Etliche Dinge gingen mir durch den Kopf: ein gebrochenes Rohr, eine Wasserader oder vielleicht sogar ein unterirdischer See, der im Lauf der Zeit seinen Pegelstand immer weiter nach oben geschraubt hatte.

Nachdem ich laut und wohl auch hysterisch genug gerufen hatte, kam Pam die Treppe hinunter gestürmt und blieb abrupt neben mir stehen. Ihr Blick klebte auf der Pfütze in Fußform, richtete sich dann fragend auf mich, aber mehr als ein dummes Gesicht zu machen, fiel mir nicht ein.
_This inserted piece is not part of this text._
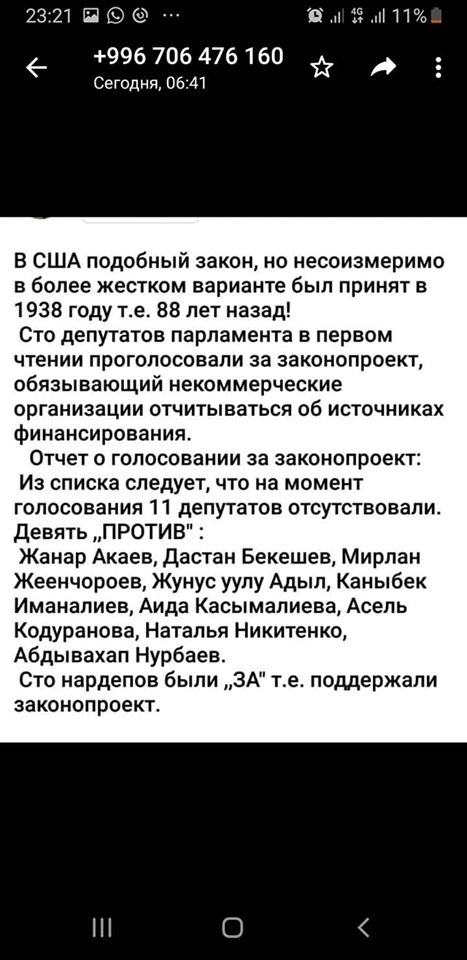 Жакында күн тартибине киргизилип, ЖКте каралган "Бейөкмөттөр (НПОлор) жөнүндө" - мыйзамдын биринчи окууда каралган тартипте каршы добуш берген төмөнкү 9 депутатка, катышып туруп, добуш бербей койгон, калыстыкты көрсөткөн 11 депутатка "Кыргыздын чет өлкөлүк агенттери "-деген, макамды кошо берип, ишенбөөчүлүк көрсөтүүгө чакырамын. Алар батыштын тарбиясына сугарылган депутаттар болуп эсептелет.

Wie immer fand sie wesentlich schneller zur Rationalität zurück als ich es je gekonnt hätte. Nur zwei Worte rief sie, die Hände gegen ihre Schläfen gepresst: »Unsere Sachen!«

Vorsichtig prüfte sie die Erde um das gefüllte Loch herum auf ihre Festigkeit. Sobald sie eine Stelle gefunden hatten, die nicht an ihrem Turnschuh zog, machte sie einen Schritt. So legte sie in drei Hüpfern die kurze Strecke Richtung Rückwand zurück und wirkte wie die weibliche Version von Indiana Jones, der gerade durch einen mit Fallen gespickten Tempel schleicht. Vergessen Sie Lara Croft, die wäre wahrscheinlich an den blanken Kellerwänden entlang geklettert.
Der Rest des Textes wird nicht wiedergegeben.